Самое страшное было в том, что я не знал, правда это или нет. Самое страшное было в том, что я сомневался, и от сомнений рождался страх.
Пантус сидел напротив. Время шло. Вот-вот он станет первым. Я упускал момент.
Вдруг в дальнем углу, возле решки, шелохнулось чье-то тело. Сначала свесились ноги в черных носках поверх синих треников. Потом показался человек. Привычным способом я определил его размеры. Повыше меня. Пока он спускался, я вдруг понял, что надо сказать.

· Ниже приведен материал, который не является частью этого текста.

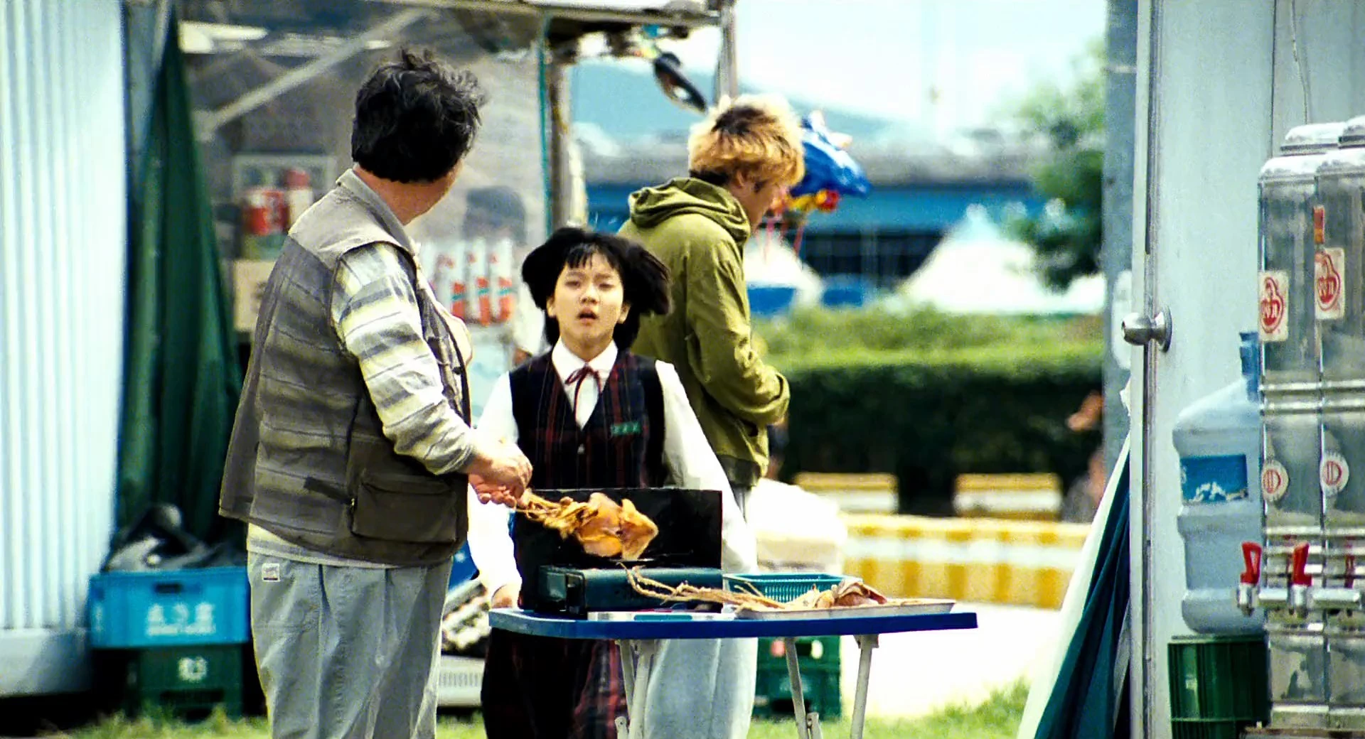 Cast: Song Kang-ho as Park Gang-du, Byun Hee-bong as Park Hie-bong, Park Hae-il as Park Nam-il, Bae Doona as Park Nam-joo, Ko A-sung as Park Hyun-seo, Oh Dal-su as The Monster (voice), Lee Jae-eung as Se-jin, Lee Dong-ho as Se-joo, Yoon Je-moon as Homeless Man, Yim Pil-sung as Fat Guevara, Kim Roi-ha as Yellow Suit at Funeral, Koh Soo-hee as Hostage nurse, Kim Hak-sun as Civilian Military Kim, Scott Wilson as Douglas, Brian Rhee as Young Korean Doctor, Paul Lazar as American Doctor, David Anselmo as Donald, Baek Do-bin as Fumigation Truck Skinny Man, Martin Lord Cayce as U.S. Senator (uncredited), Choi Dae-sung as Man from Duck Boat (uncredited), Choi Doo-yeong as Man on Blind Date (uncredited), Choi Jae-sup as Detective Agency Subordinate 1 (uncredited), Jung Seo-yoon as Woman with Long Hair (uncredited), Philip Hersh as Additional Voices (voice) (uncredited), Jeong In-gi as Isolation Ward Doctor (uncredited), Jeong Hyeong-Ho as 4th Mat 3 (uncredited), Ji Ha-geon as Camera Phone Man (uncredited), Jung Kang-hee as Mr. Yoon's Employee (uncredited), Kim Bi-bi as Isolation Ward Nurse 1 (uncredited), Kim Choo-wol as Woman crying (uncredited), Kim Da-yeon as 5th Mat Woman (uncredited), Kim Hyo-sun as Quarantine Hospital Nurse 2 (uncredited), Kim Jin-seon as Woman from Couple (uncredited), Kim Nan-hee as Woman from Duck Boat (uncredited), Kim Sang-jo as Old Security Guard (uncredited), Kwon Bang-hyeon as Bride-to-be (uncredited), Kwon Byung-gil as Doctor from Isolation Ward 1 (uncredited), Kwon Hyeok-Pung as Fisherman 1 (uncredited), Lee Dong-yong as 4th Mat 2 (uncredited), Lee Eung-jae as Man from Couple (uncredited), Lee Hoon-jin as Fat Man (uncredited), Lee Jong-yoon as 4th Mat 1 (uncredited), Lee Seung-jin as Girl's Father (uncredited), Min Kyung-jin as Altar Security (uncredited), Moon Hee-ra as Camera Phone Woman (uncredited), Clinton Morgan as Agent Yellow (uncredited), Park Jeong-gi as Fumigation Truck Dyed-hir Man (uncredited), Park Kyeong-mok as Groom-to-be (uncredited), Park No-shik as Inquiry Officer, Ra Mi-ran as Woman Stomping Her Feet (uncredited), Seo Ha-neul as Exchanged Girl (uncredited), Shin Seung-ri as Donald's Girlfriend (uncredited), Shin Hyun-jong as Mr. Yoon's Friend (uncredited), Son Young-soon as Grandmother from Bus (uncredited), Son Jin-ho as Doctor from Isolation Ward 2, Song Kyeong-ha as Woman on Blind Date (uncredited), Yoo Seung-mok as Taxi Driver, Yoo Yeon-soo as District officer Mr. Jo (uncredited), Seo Young-ju as Protester, Ko Chang-seok as Nurse, Park Jin-woo as Isolation Ward Constable (uncredited)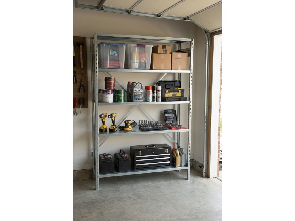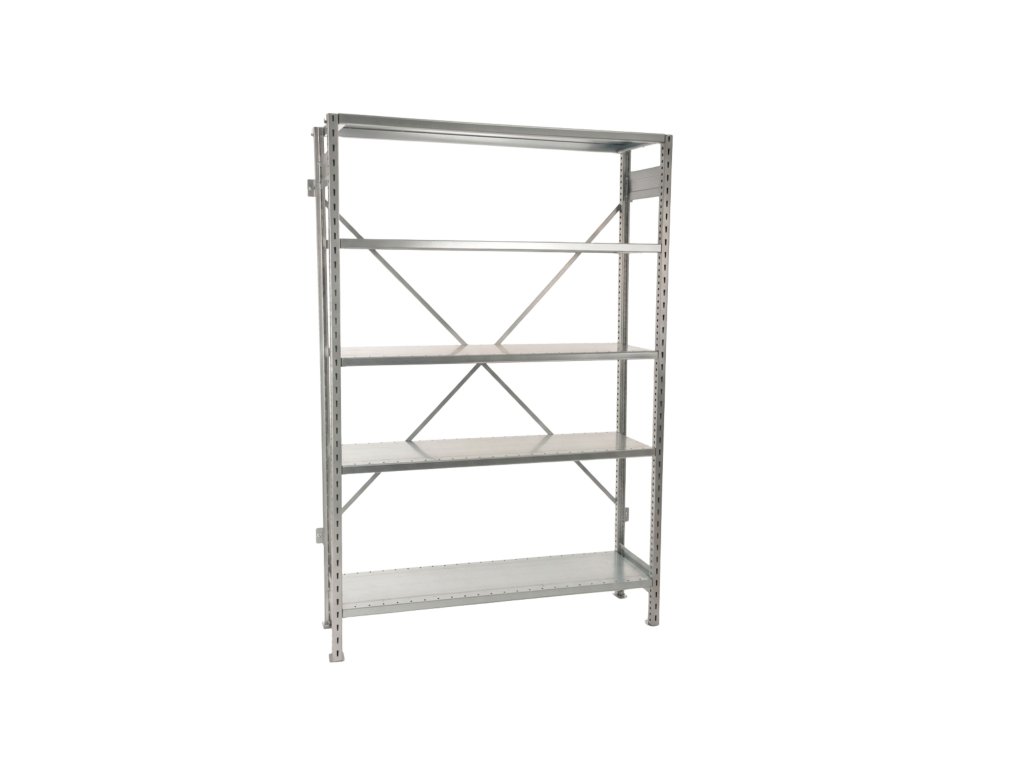 Regál je pevný, stabilní a přestavba polic je rychlá. Pozinkovaná úprava působí bytelně a bezúdržbově.

– Слышь, Пантус. Это правда, что про тебя говорят?
Голос мой звучал не так ровно, как хотелось, но это был мой голос.
Пантус пропал.
– Ну все. Хватит! – сказал тот, кто слез с пальмы. Пантус сник. Он больше не выглядел опасным и таким, каким его видел Конан.
– Правду? – сказал мужик в трениках. – Ты хочешь знать правду? Я скажу тебе, что такое правда. Считай, ты ее нашел.
Пантуса больше не было. Он задвинулся вглубь. На передний план вышел дядька в трениках и носках. Он был похож на моего папу, только чуть моложе, лысый и худой. Нескладуха, наподобие циркуля в синих спортивных штанах, заправленных в носки.
– Правда в том, – сказал он, – что под шкурой все одинаковые, а ложь снаружи. Делает всех разными.
Еще один гуру, подумал я, сколько их было в тюрьме? Я потерял им счет. Слушать их интересно, но в какой-то момент наступает отвращение, как от пьяного Колумба, который всех достал своей Индией. Они рассказывали такое, что я давно знал, забыл и снова вспомнил. Ничего нового. Об этом знал каждый, кто сидел в тюрьме и много думал. Только не каждому дано понять, что испражнять свое говно в чужие горшки, свято веря, что свое не воняет, – это признак мудачества. Быть смотрящим и пользоваться своим статусом, чтобы быть мудаком, – это признак сверхмудачества. Никто не скажет смотрящему «дуло завали», а будут слушать и делать вид, что интересно, а мудак, поверив в свою исключительность (ему же никто не перечит), будет мудеть и мудеть, пока не смудится окончательно.